Título: Até Tenda Cabocla Jurema foi ludibriada
Autor: Brunet, Daniel; Menezes, Maiá
Fonte: O Globo, 17/07/2008, O País, p. 3

Entidades carentes não viram a cor dos milhões liberados em nome delas.

Os R$60,9 milhões desviados dos cofres públicos pelo esquema das ONGs eram destinados a ações de saúde em comunidades carentes, mas não chegaram nem perto de onde deveriam. Em Nova Iguaçu e Nilópolis, na Baixada Fluminense, por exemplo, uma creche e uma igreja evangélica incluídas na lista de beneficiados com verba do governo do estado na gestão Rosinha Garotinho (PMDB) não viram a cor do dinheiro e funcionam em condições precárias. E há também o caso da Associação Cívica, Cultural e Beneficente Projeto Missões de Vida, que teria recebido R$1,7 milhão do governo do estado. O endereço da entidade é na Avenida Pastor Martin Luther King 12.745, na Pavuna. Lá, no entanto, funcionam uma lan house e uma confecção de roupas.

- Nunca ouvi falar dessa instituição. Ninguém da associação apareceu por aqui - disse Luis Alberto Mattos, dono da fábrica de vestuário.

Na Rua Roxo 235/101, no bairro Marapicu, em Nova Iguaçu, fica o Centro Integrado Sol Brilhante (CISB), que, segundo as investigações do Ministério Público, deveria ter recebido cerca de R$1 milhão. Localizada no Conjunto Dom Bosco - região dominada por traficantes -, e com instalações improvisadas, a entidade, atualmente, depende de doações para atender 64 crianças, de seis meses a 13 anos, da creche à alfabetização. Telhado à mostra e paredes com rachaduras e infiltrações compõem o cenário desolador. O mobiliário e as instalações elétricas também estão em mau estado de conservação. As divisórias entre a única sala de aula, o berçário, o refeitório e a cozinha são de restos de móveis.

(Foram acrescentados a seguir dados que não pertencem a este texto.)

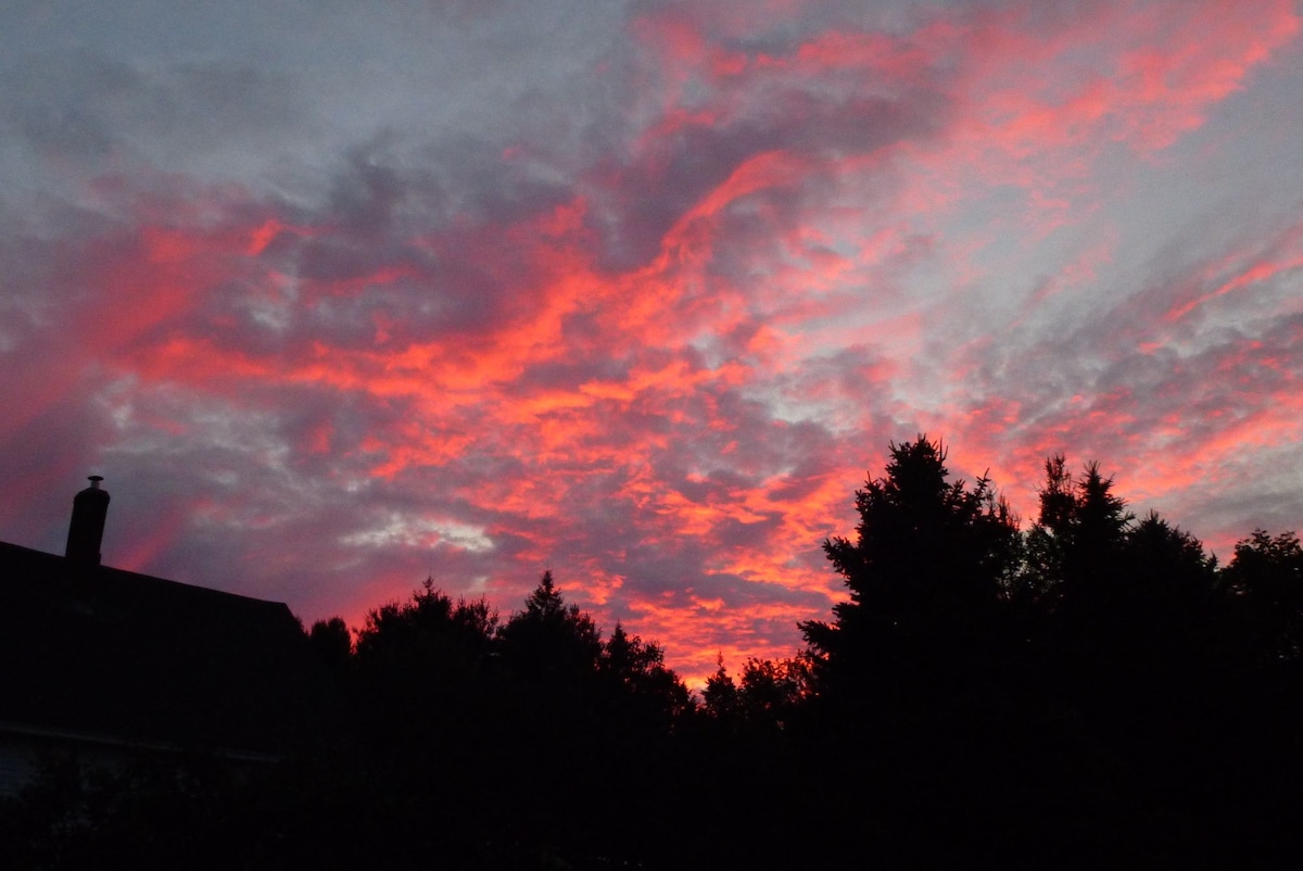 ¡Fern Sanctuary lleva el nombre de nuestro perro Fern! Ideal para cualquier época del año, desconecta de la rutina en este alojamiento único y relajante. Barrio rural, situado en el centro del sur de New Hampshire. A 20 minutos de Concord, del aeropuerto de Manchester, de St. Anselms College, New England College, Pat's Peak o las zonas de esquí de Crotched Mountain. Dirígete al norte a la región de los lagos, al oeste al monte Sunapee, o al sur para visitar Boston, todo a menos de una hora en coche. Muchos senderos accesibles directamente desde la suite.

Igreja com capacidade para 30 fiéis que assistem aos cultos em cadeiras de plástico

Em seu depoimento ao Ministério Público, a diretora da CISB, Sandra Borges, contou que recebeu das ONGs Alternativa Social e Projeto Filipenses, em um escritório da Avenida Rio Branco, no Centro do Rio, parcelas de apenas R$300, R$500, R$700 e R$900. Foram de oito a dez pagamentos ao longo de 2006.

- Ficamos desconfiados porque não eram pagamentos constantes. Aguardamos a assinatura de contrato que eles prometiam e isso não aconteceu. Demos toda a nossa documentação. Aqui é uma área de risco, e dependemos de doações. Lutamos com muitas dificuldades. Essas crianças passam necessidades. Se eu recebesse R$1 milhão, minha creche não estaria desse jeito. De uma hora para outra ficamos sem chão. Não esperávamos essa bomba - afirmou a presidente da instituição filantrópica, Sandra Borges.

A Igreja Pentecostal Restaurada por Cristo, na Travessa Giovania Santana Drumont 44, casa 1, no Centro de Nilópolis, teria direito a R$1,2 milhão. O humilde templo, no entanto, tem capacidade para apenas 40 fiéis, que se acomodam em cadeiras de plástico para assistirem aos cultos às terças e quintas-feiras e aos domingos. Também em depoimento ao Ministério Público, o pastor Sidclei Jacomo disse que recebia de R$500 a R$1 mil e que esteve na agência do Itaú, em Botafogo, nove vezes em 2006. Ele recebeu ainda das ONGs panfletos sobre saúde para distribuir na igreja e camisetas com alertas contra doenças.

- Sabia que ia dar confusão. Tudo era feito em sigilo. Eu me senti prejudicado. Foi uma falcatrua com a gente. Fazemos um trabalho social para ajudar famílias carentes, com doações de roupas e alimentos - disse Jacomo.

Já Jussara Maranhão, responsável pela Tenda Cabocla Jurema, em Campo Grande, na Zona Oeste, contou ao Ministério Público que assinou apenas um papel em branco que seria para regularizar a situação do templo espírita na Receita Federal. Mas a assinatura, segundo ela, apareceu em cinco cheques, num total de R$540 mil.